(Assignment): Could you transcribe exactly the lines below, from the line with "- pr 날릴 때, 보여줄" through the line with "Minimalism and a", and nothing else, leaving out the pictures?

(Provided information):
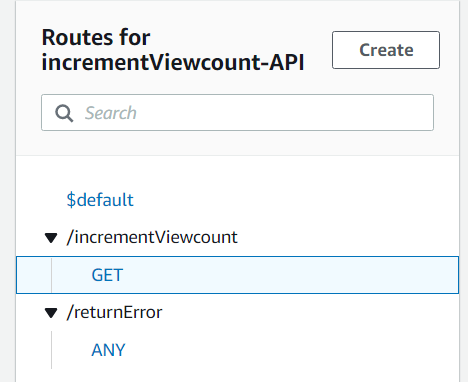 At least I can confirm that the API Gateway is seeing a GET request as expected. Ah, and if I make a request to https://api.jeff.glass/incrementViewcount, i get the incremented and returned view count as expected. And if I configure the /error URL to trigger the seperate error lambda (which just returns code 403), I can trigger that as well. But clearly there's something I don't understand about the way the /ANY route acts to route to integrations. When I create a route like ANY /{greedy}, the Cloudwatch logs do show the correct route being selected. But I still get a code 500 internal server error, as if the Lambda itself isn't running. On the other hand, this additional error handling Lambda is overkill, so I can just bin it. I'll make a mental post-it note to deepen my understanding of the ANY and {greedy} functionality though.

...

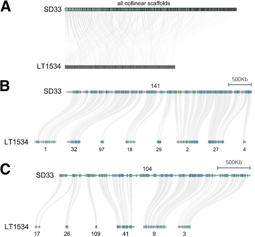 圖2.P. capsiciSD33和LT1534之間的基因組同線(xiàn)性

---

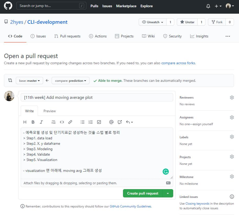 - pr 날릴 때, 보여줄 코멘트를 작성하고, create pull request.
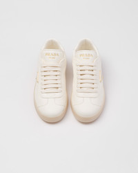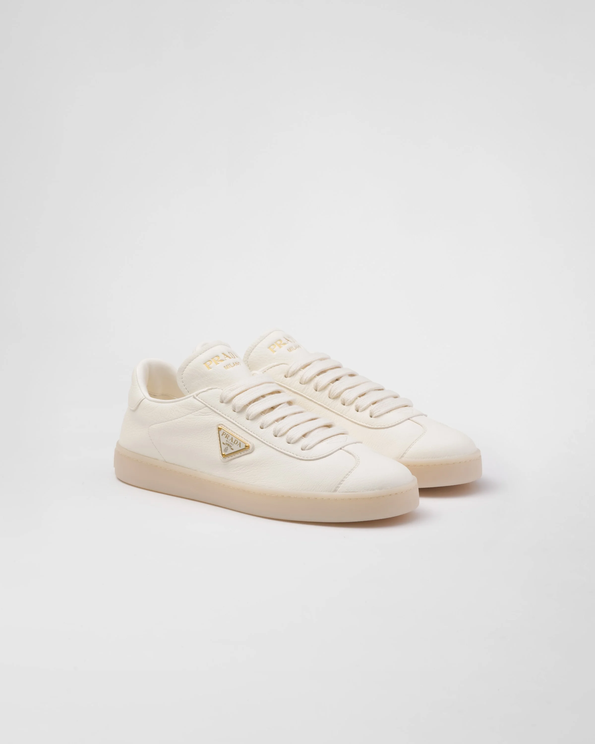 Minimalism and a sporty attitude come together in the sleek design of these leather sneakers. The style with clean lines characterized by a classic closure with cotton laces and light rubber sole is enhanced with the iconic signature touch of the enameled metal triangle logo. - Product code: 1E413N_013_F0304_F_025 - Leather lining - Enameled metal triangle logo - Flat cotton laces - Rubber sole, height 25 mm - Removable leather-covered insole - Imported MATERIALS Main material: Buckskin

(Written solution):
 - pr 날릴 때, 보여줄 코멘트를 작성하고, create pull request.
 Minimalism and a sporty attitude come together in the sleek design of these leather sneakers. The style with clean lines characterized by a classic closure with cotton laces and light rubber sole is enhanced with the iconic signature touch of the enameled metal triangle logo. - Product code: 1E413N_013_F0304_F_025 - Leather lining - Enameled metal triangle logo - Flat cotton laces - Rubber sole, height 25 mm - Removable leather-covered insole - Imported MATERIALS Main material: Buckskin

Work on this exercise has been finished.